Dzieci przeciwko wojnie
Woja jest czasem trudnym, pełnym smutku i rozpaczy. Jednak oprócz mrożących krew w żyłach opowieści, zdarzają się również takie, które rozgrzewają serce i wywołują na twarzy uśmiech. Oto jedna z nich.

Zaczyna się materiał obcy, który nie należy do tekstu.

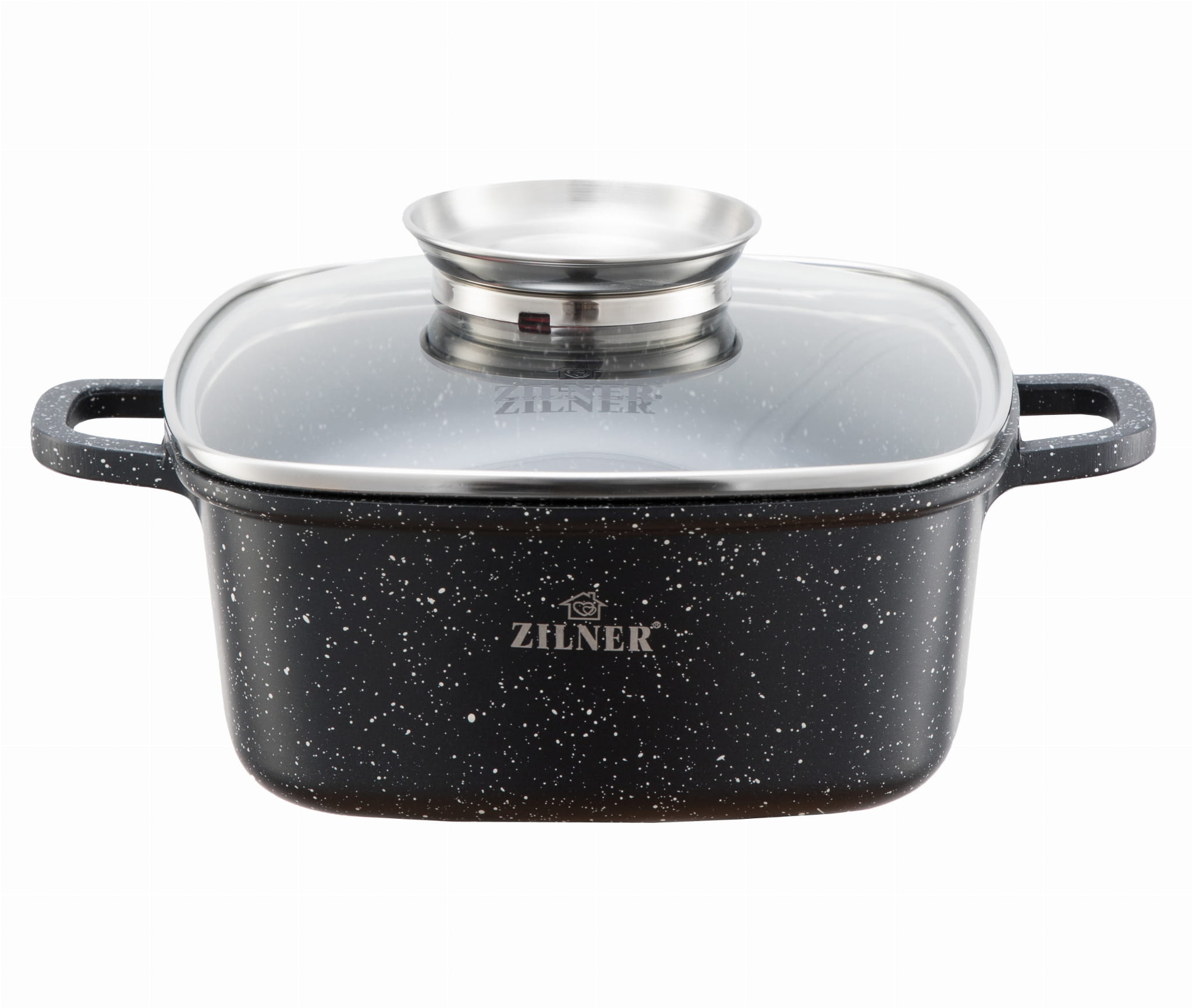 Kwadratowy garnek z marmurową powłoką nieprzywierającą ZILNER ZL-9008 sprawdza się na wszystkich rodzajach kuchenek - halogenowych, ceramicznych, gazowych oraz indukcyjnych. Umożliwia gotowanie, duszenie i smażenie bez użycia dużej ilości tłuszczu – doskonałe rozwiązanie dla osób odchudzających się, dbających o sylwetkę i diabetyków. Za sprawą marmurowej i nieprzywierającej powłoki, chroni przed przypalaniem i przywieraniem jedzenia do powierzchni naczynia. Dodatkowo nie wchodzi w reakcję z żywnością dzięki temu nie przyczynia się do zmiany smaku i utrzymuje najcenniejsze właściwości odżywcze posiłków. Kwadratowy garnek z marmurową powłoką nieprzywierającą ZILNER ZL-9008 wyposażony jest w szklaną pokrywę ze specjalnym wlewem na przyprawy AROMA KNOB. Tego typu unowocześnienie pozwala w dowolnej chwili podczas przyrządzania posiłków dolewać/dosypywać oleje, przyprawy i zioła.

Telefon za kamizelkę kuloodporną
Na Ukrainie, zanim zaczęła się jeszcze wojna, mieszkała dziewczynka, która marzył o iPhone. Każdy grosz, który dostała od rodziców i dziadków, wrzucała konsekwentnie do skarbonki. Po jakimś czasie uzbierała się tam całkiem spora suma. Dziewczynka była już blisko spełnienia swojego marzenia. Jednak w tym momencie okazało się, że Rosja zaatakowała jej ojczyznę, Ukrainę. Słysząc różne wiadomości w radiu i telewizja, dziewczyna nie wahając się ani chwili, rozbiła świnkę i znajdujące się w niej oszczędności oddała wolontariuszom. Chciała, aby za te pieniądze kupili kamizelkę kuloodporną dla któregoś z żołnierzy, walczącego o wolność Ukrainy. Niestety, okazało się, że oszczędności zebrane przez dziewczynkę nie wystarczą. Dziecko jednak się nie poddało. Zaczęło sprzedawać kwiaty, które dostało od wolontariuszy. Kiedy przechodnie zobaczyli, na jaki cel zbiera dziewczynka, w ciągu 5 godzin udało się uzbierać pieniądze na kamizelkę, którą mała Ukrainka osobiście przekazała jednemu z żołnierzy. Jednak ta historia ma swój ciąg dalszy. Dziewczynka postanowiła pomagać dalej. Ze sprzedaży namalowanych przez nią kwiatów udało się kupić kolejne dwie kamizelki kuloodporne. Natomiast o niespełnionym marzeniu małej bohaterki usłyszał pewien sprzedawca, który postanowił podarować jej wymarzonego iPhona. Jak widać, prawdą jest, że dobro wraca. Jednak miejmy nadzieję, że dzieci już nie długo nie będą musiały doświadczać tego, czym jest wojna.